Henry Watkins Allen (April 29, 1820April 22, 1866) was a member of the Confederate States Army and the Texian Army as a soldier, also serving as a military leader, politician, writer, slave owner, and sugar cane planter.

He had made it to the rank of brigadier general in the Confederate States Army, during the American Civil War. Allen was elected as the 17th Governor of Louisiana late in the war, Allen served from January 1864 to May 1865. He was the last governor elected under Constitutional law to the post until the end of Reconstruction. He escaped to Mexico, until his death a year later. His body was returned to the United States and buried in New Orleans.

Early life and career
Allen was born on April 29, 1820, in Farmerville in Prince Edward County, Virginia. He was a Presbyterian.
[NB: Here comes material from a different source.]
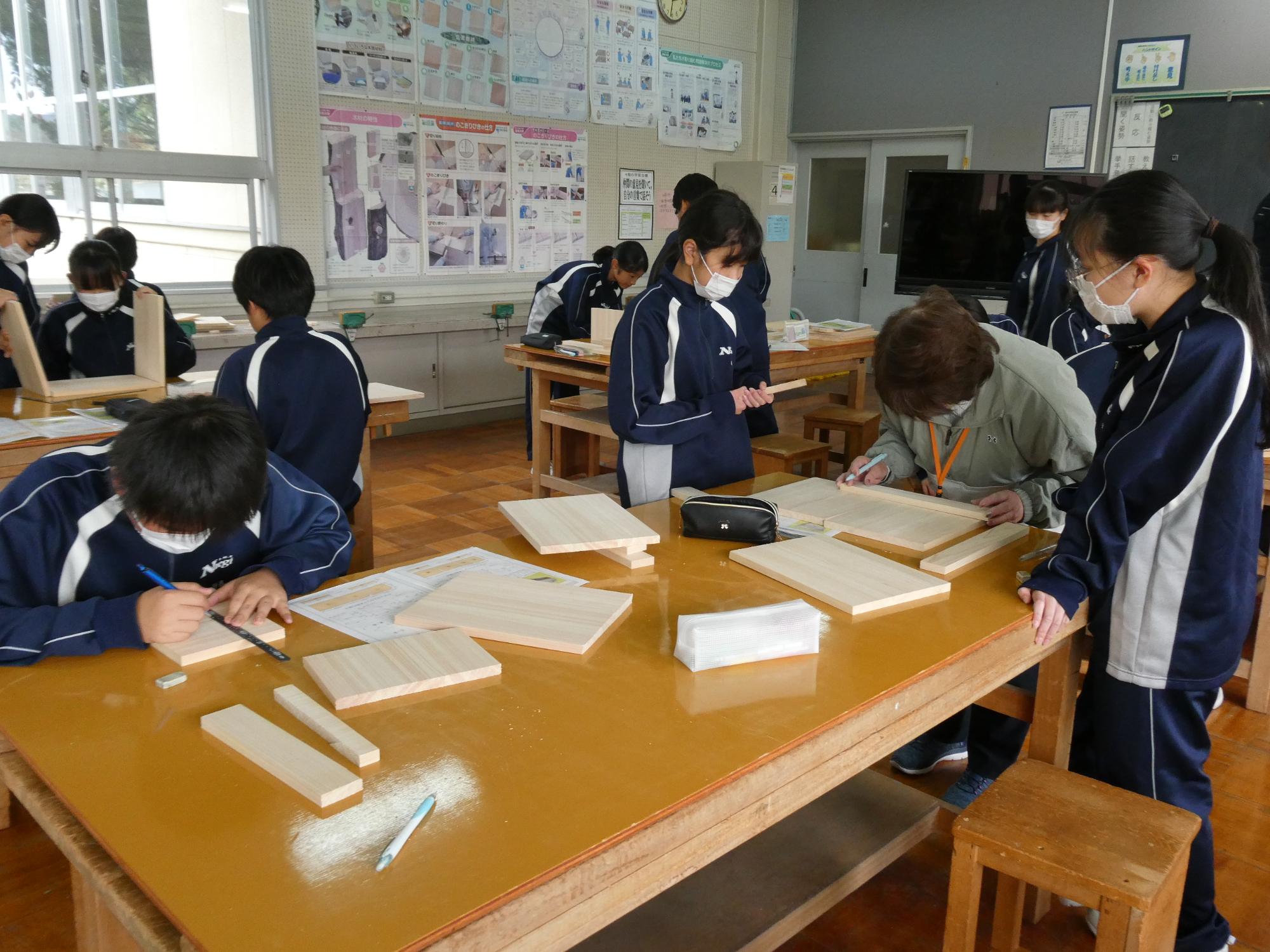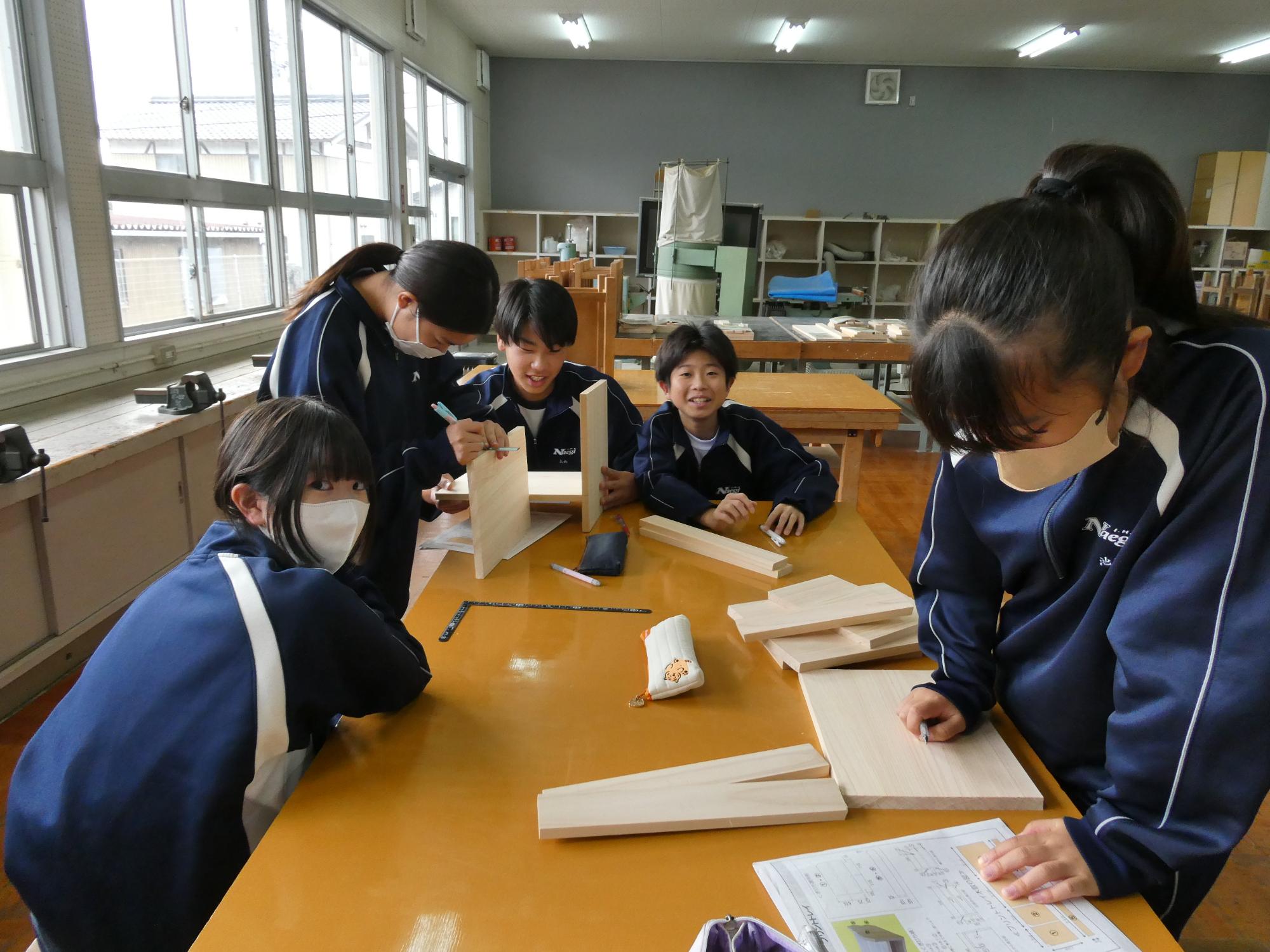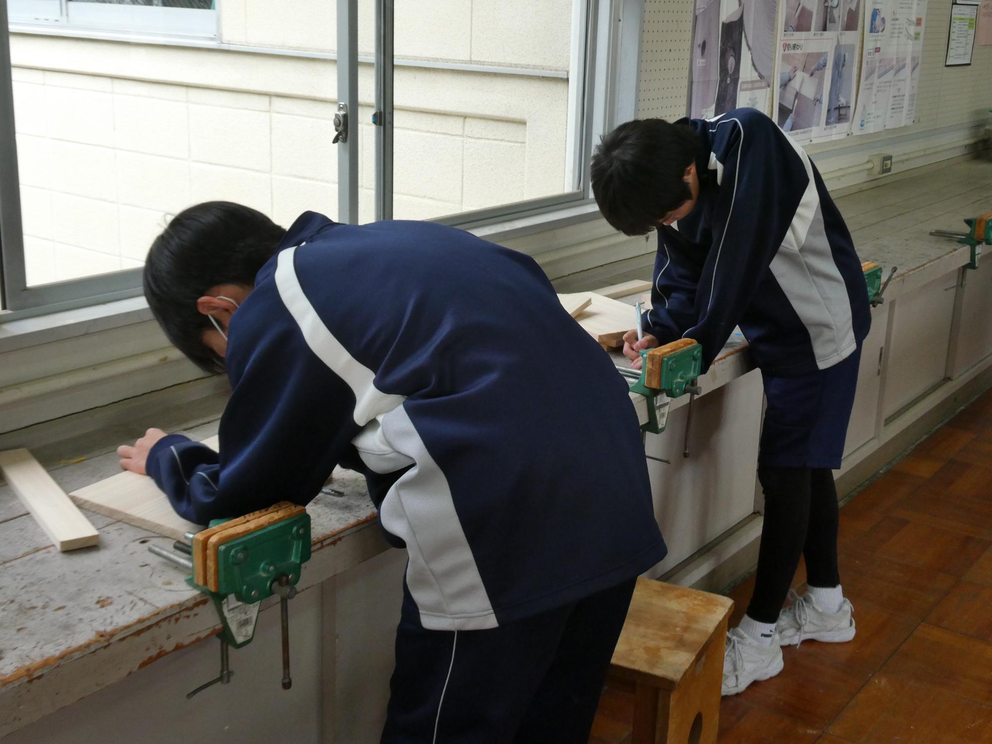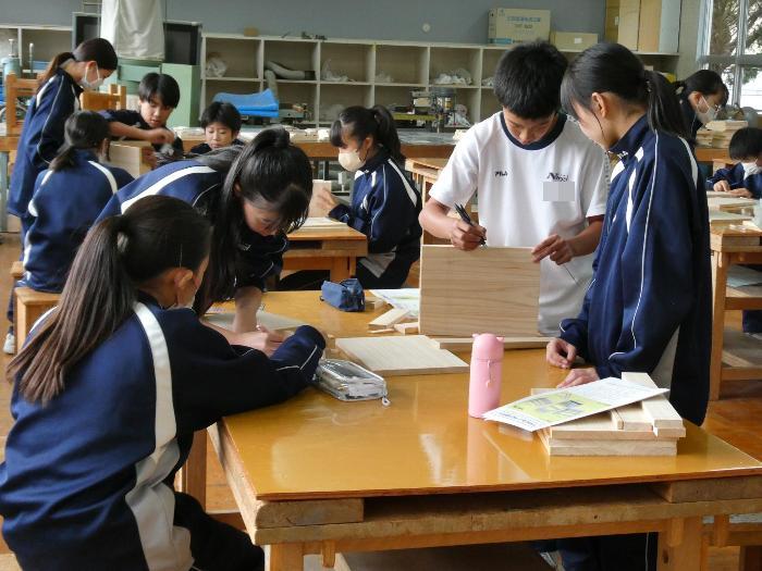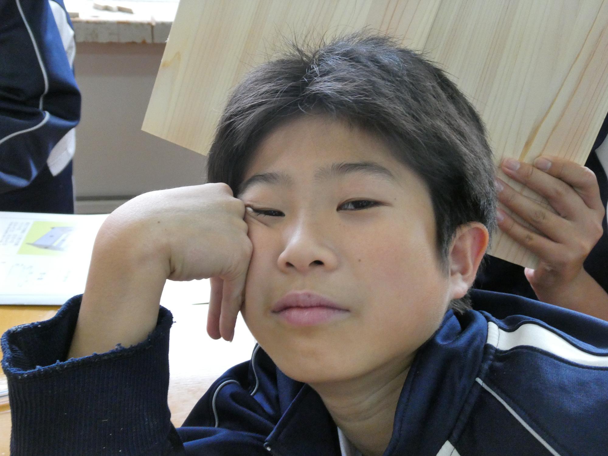 サイズを計って、木材に線を引き、ノコギリでカットする。まずはここまでのようです。もうできてしまってピースしてる子もいれば、今、木材に線を引いている子もいました。
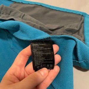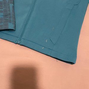 Helly Hansen teal jacket with print on one sleeve. Very comfortable and in great condition with one small silver paint splatter on bottom left panel. See photos for detail. Great jacket for layering on cold days or as lighter outerwear.

After attending local schools, he was educated at Marion College, Missouri. He moved to Mississippi, where he taught school and practiced law.

He served in the Texas Revolution against Mexico as a private and later as captain. He was elected as a member of the Mississippi House of Representatives in 1846, after which he studied law at Harvard University.

In 1842, Allen and Salome Ann Crane married. His wife died in 1851 at the age of 25, and she is buried in Bruinsburg, Mississippi.

Louisiana 
In February 1852, Henry Watkins Allen and William Nolan purchased the Westover Plantation in southern Louisiana. Three years later in 1855, the land was divided and split; with Nolan keeping the name Westover Plantation on his portion of land and Allen using the name Allendale Plantation for his portion of the property. His plantation was dependent on the labor of enslaved African Americans, of which he had many.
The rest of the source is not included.